Papa Leão XIV alerta para retorno da “diplomacia da força” e defende multilateralismo diante da escalada global de conflitos

Em sua primeira audiência com o Corpo Diplomático, o Papa Leão XIV alertou para o retorno da guerra como instrumento político, criticou a diplomacia da força e defendeu o multilateralismo. O Pontífice abordou conflitos globais, perseguição religiosa, direitos humanos, crise na Venezuela, riscos nucleares e desafios da inteligência artificial, reafirmando o papel moral da Santa Sé na promoção da paz e do diálogo internacional.
Papa Leão XIV critica diplomacia da força, alerta para crise do multilateralismo e defende paz, direitos humanos e cooperação internacional em discurso ao Corpo Diplomático.

Na manhã desta sexta-feira (09/01/2026), o Papa Leão XIV fez um dos pronunciamentos mais abrangentes de seu pontificado ao receber o Corpo Diplomático acreditado junto à Santa Sé. Em discurso proferido na Sala das Bênçãos, diante de cerca de 420 diplomatas de 184 países e organizações internacionais, o Pontífice alertou para o retorno da guerra como instrumento político, denunciou o enfraquecimento do multilateralismo e criticou a substituição da diplomacia do diálogo pela “diplomacia da força”, fenômeno que, segundo ele, viola princípios fundamentais estabelecidos após a Segunda Guerra Mundial.

Primeira audiência diplomática e leitura da conjuntura internacional

A audiência com o Corpo Diplomático é uma tradição no início de cada ano e funciona como espaço institucional no qual o Papa apresenta uma leitura global da conjuntura internacional.

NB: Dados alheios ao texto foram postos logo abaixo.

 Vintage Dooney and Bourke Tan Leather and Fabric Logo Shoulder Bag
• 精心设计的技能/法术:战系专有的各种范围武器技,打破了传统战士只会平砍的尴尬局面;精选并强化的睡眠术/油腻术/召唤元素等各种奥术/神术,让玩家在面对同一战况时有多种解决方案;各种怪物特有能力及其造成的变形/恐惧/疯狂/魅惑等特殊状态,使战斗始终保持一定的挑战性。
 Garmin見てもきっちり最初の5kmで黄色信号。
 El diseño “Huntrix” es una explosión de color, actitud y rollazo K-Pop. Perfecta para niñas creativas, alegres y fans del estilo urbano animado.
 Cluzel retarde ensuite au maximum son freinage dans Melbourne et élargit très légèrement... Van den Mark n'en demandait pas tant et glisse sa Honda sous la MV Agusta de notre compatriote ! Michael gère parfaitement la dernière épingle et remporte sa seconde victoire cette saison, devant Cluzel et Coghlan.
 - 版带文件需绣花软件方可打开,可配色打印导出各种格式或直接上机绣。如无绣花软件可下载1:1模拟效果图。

Para Leão XIV, tratou-se de um momento simbólico: foi seu primeiro encontro oficial com representantes diplomáticos desde o início do pontificado.

Logo no início, o Santo Padre recordou o Jubileu recentemente concluído e a morte de seu predecessor, o Papa Francisco. Ao mencionar o funeral, destacou o caráter universal da despedida, afirmando que o mundo se reuniu em torno do caixão de “um pai que guiou o Povo de Deus com profunda caridade pastoral”. O Papa também mencionou viagens recentes à Turquia e ao Líbano, agradecendo às autoridades locais pela acolhida.

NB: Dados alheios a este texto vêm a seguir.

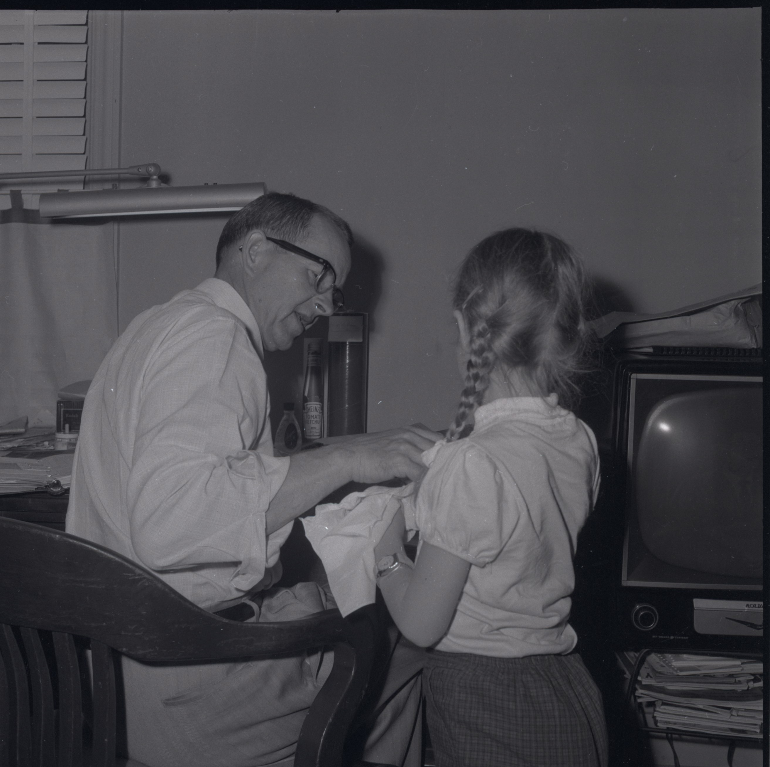 “In the summer of 1955 a fellow named Dan Farrell, head of Taylor Chemical Company of Aberdeen, North Carolina, was referred to me by the Chamber of Commerce to mimeograph some letters. They had set up an office at the Holiday Inn to sell cotton poison that summer. Then Farrell asked me if I would come out there and help them out. Since Georgia was here I told him I would help for a few days, which stretched into three or four weeks. He and the other men with the company were so nice, and I made enough money for us to buy our first black and white television set.
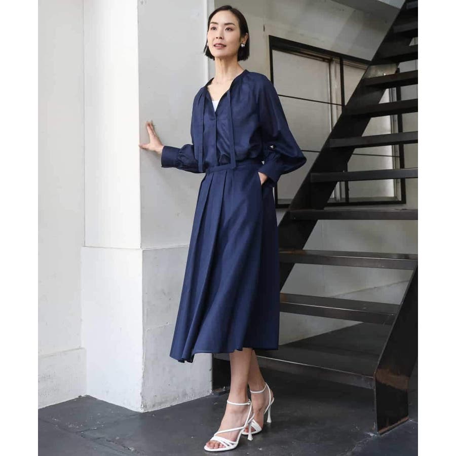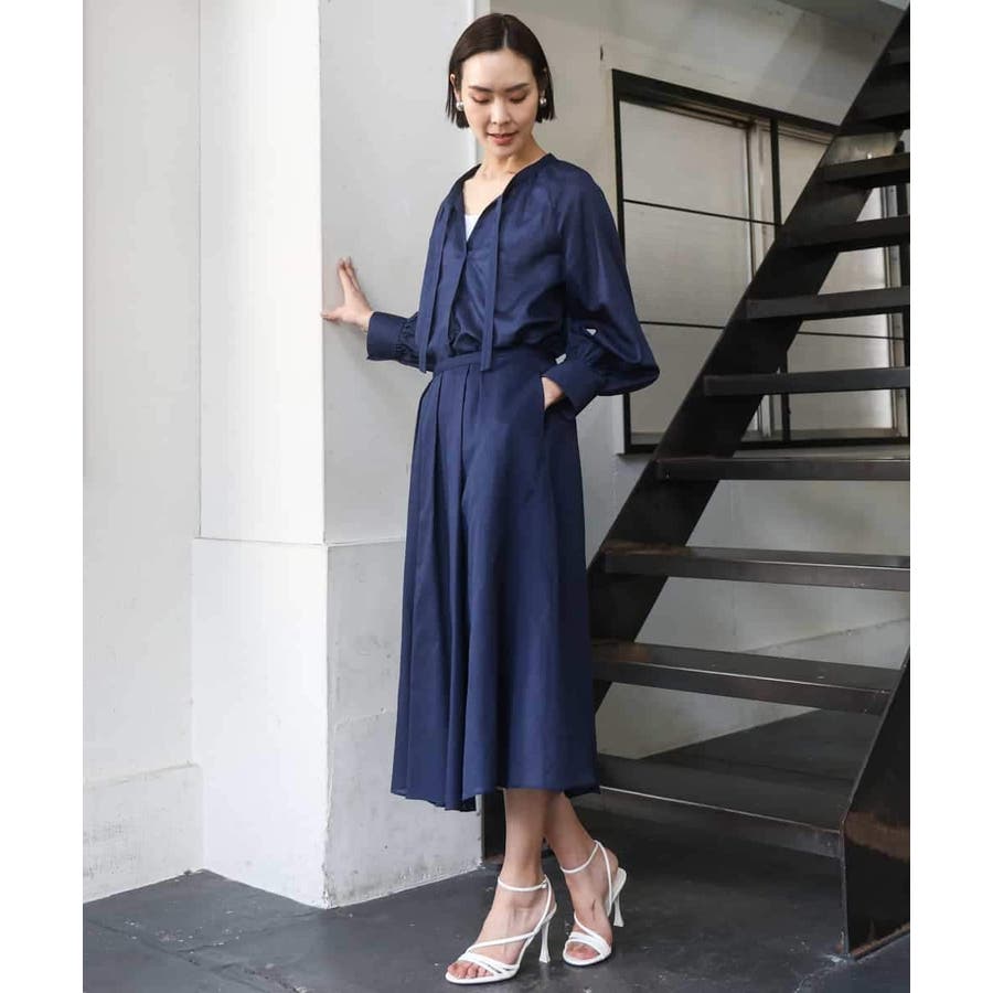 同素材のブラウスと合わせたセットアップスタイルは統一感のある着こなしで、より洗練された印象に仕上がります。ニットやデニムジャケットと合わせたカジュアルスタイルもデイリーにおすすめです。

Santo Agostinho e os riscos do nacionalismo exacerbado

Ao refletir sobre um mundo marcado por tensões crescentes, conflitos armados e instabilidade geopolítica, Leão XIV recorreu à obra De Civitate Dei (A Cidade de Deus), de Santo Agostinho, como fio condutor de sua análise. O Pontífice observou que, embora não se trate de um tratado político, a obra oferece alertas permanentes sobre os riscos de falsas leituras da história, do nacionalismo excessivo e da distorção do papel do estadista.

Segundo o Papa, muitos paralelos entre o contexto atual e períodos históricos de colapso civilizacional permanecem evidentes, como os fluxos migratórios em larga escala, a reconfiguração dos equilíbrios geopolíticos e a crise dos paradigmas culturais e institucionais que sustentaram a ordem internacional nas últimas décadas.

Crise do multilateralismo e crítica à lógica bélica

O eixo central do discurso foi a fragilidade do multilateralismo. Leão XIV afirmou que uma diplomacia voltada ao consenso e à cooperação vem sendo substituída por estratégias baseadas na força, adotadas por Estados isoladamente ou por blocos de aliados.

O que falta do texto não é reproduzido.